Real-World Builds & Monetization
Capstone: Multi-Agent Content Pipeline
Outcome: By the end of this lesson you will have shipped a running CrewAI pipeline of 4 specialized agents — Researcher → Writer → Fact-Checker → Publisher — that takes a topic as input, gathers sources, drafts a post, verifies every factual claim, and saves the finished markdown (or posts it to your CMS via a webhook).

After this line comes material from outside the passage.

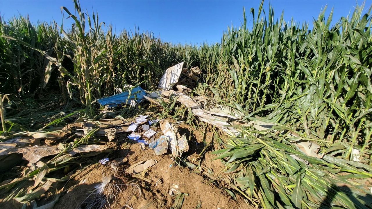 Tarlaya düşen uçak, vinç yardımıyla olay yerinden kaldırılarak kamyonla bölgeden götürüldü.

This is the multi-agent orchestration you've been building toward for five modules.
What you'll ship — this command runs the full crew:
python pipeline.py --topic "The state of open-source agent frameworks in Q2 2026"
Output (to stdout and ./output/{slug}.md):
[Researcher] Found 8 sources. Top sources: crewAI GitHub 2026 star history,
Anthropic SDK 2026 release notes, LangChain v1.0 announcement...
[Writer] Drafted 1840-word post. 4 sections, 12 claims marked for verification.
[Fact-Checker] Verified 10/12 claims. Flagged 2 for revision:
- "CrewAI has 80K GitHub stars" — actual is ~32K. Corrected.
- "LangChain v1.0 shipped April 2026" — actual is June 2026. Corrected.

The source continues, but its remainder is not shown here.